Computational Overhead: The frozen LLM (Vicuna-7B) requires autoregressive generation for category names during inference, which is significantly slower than simple embedding matching.
Prediction Conservatism: Compared to GPT-4V, OSM tends to generate more generic category names ("person" vs. "man in armor"), which could potentially be mitigated by using stronger base LLMs (e.g., Llama-2) or scaling up the training data.
Unprocessed Image-Level Data: Image-level datasets like ImageNet are not utilized due to single-label constraints being unsuited for multi-object scenarios. Exploring image-level weakly supervised integration is a direction for future work.
Dependency on External Segmenters: Mask quality directly impacts recognition performance; joint end-to-end training of segmentation and recognition could be superior.

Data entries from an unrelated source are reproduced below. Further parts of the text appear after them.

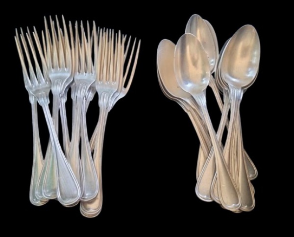 • CHRISTÓFLE - Lote com 24 talheres da renomada Christófle, sendo 12 grafos e 12 colheres de sopa. VEJA FOTO EXTRA.
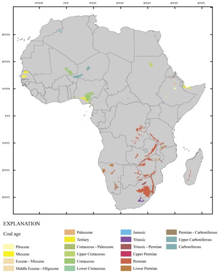 - Merrill, M.D.; Tewalt, S.J. GIS representation of coal-bearing areas in Africa: U.S. Geological Survey Open-File Report 2008-1258. 2008. Available online: https://pubs.usgs.gov/of/2008/1258/ (accessed on 6 September 2022).
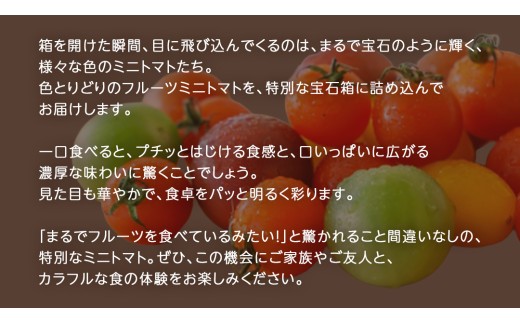 色とりどりのフルーツミニトマトを、特別な宝石箱に詰め込んでお届けします。
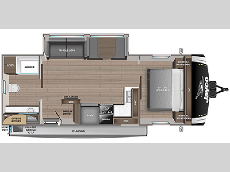 With any Jay Feather travel trailer by Jayco, you will enjoy lightweight towing, convenient exterior amenities, and at-home comforts inside! The Overlander 1 Solar Package included within the Jay Sport Package comes with a 200W solar panel and a 30-amp digital controller so you can enjoy some off-grid camping. There is also a modern graphics package with a dual-colored sidewall, LCI Solid Step fold-down aluminum tread steps on the main entry door, and Climate Shield 0 -100° F tested weather insulation package that will allow you to camp in all sorts of climates. The Customer Value Package will make time outdoors easier than ever with a power tongue jack and a Rock Solid stabilizer system, plus American-made nitro-filled Goodyear tires with self-adjusting electric brakes. More exterior features include a Keyed-Alike locking system, marine grade exterior speakers, a Magnum Truss roof system, and the list goes on! And we haven't even touched on the interior comforts, like the residential style seamless countertops and vinyl flooring throughout, decorative backsplash, handcrafted hardwood door/drawer fronts, and multiple USB charging ports to keep you going!

Vocabulary-Free Classification: Parallel works eliminate predefined requirements by retrieving or parsing generated vocabularies, whereas OSM addresses this more thoroughly via a generative approach.
InstructBLIP / LLaVA: Representative modular multimodal LLMs; OSM builds upon them by incorporating mask-aware capabilities.
DaTaSeg / LMSeg: Discriminative multi-dataset segmentation methods that require independent classifiers or manual label consolidation, which OSM naturally avoids.
Insights: The generative recognition paradigm can be extended to other vision tasks like detection and tracking, and the Mode Query mechanism can be applied to other multi-task or multi-dataset scenarios.

Rating¶

Dimension	Score (1-10)	Description
Novelty	9	Open-ended recognition paradigm + MaskQ-Former + Mode Query, paradigm shift is highly significant.
Technical Depth	8	Exquisitely designed modules; sliding window, dual-query, and dual-mode queries are tightly integrated.
Experimental Thoroughness	9	6 datasets, GT masks + off-the-shelf masks, multi-dimensional ablations, comparison with GPT-4V, and open-vocabulary evaluation.
Writing Quality	8	Clear formulation of motivations, with intuitive comparison diagrams of discriminative vs. generative paradigms.
Value	8	Eliminates vocabulary dependency with zero manual intervention for multi-dataset training, offering great practical deployment value.
Overall Score	8.4	Outstanding paradigm innovation with rigorous and comprehensive experiments. Reliable quality from ByteDance.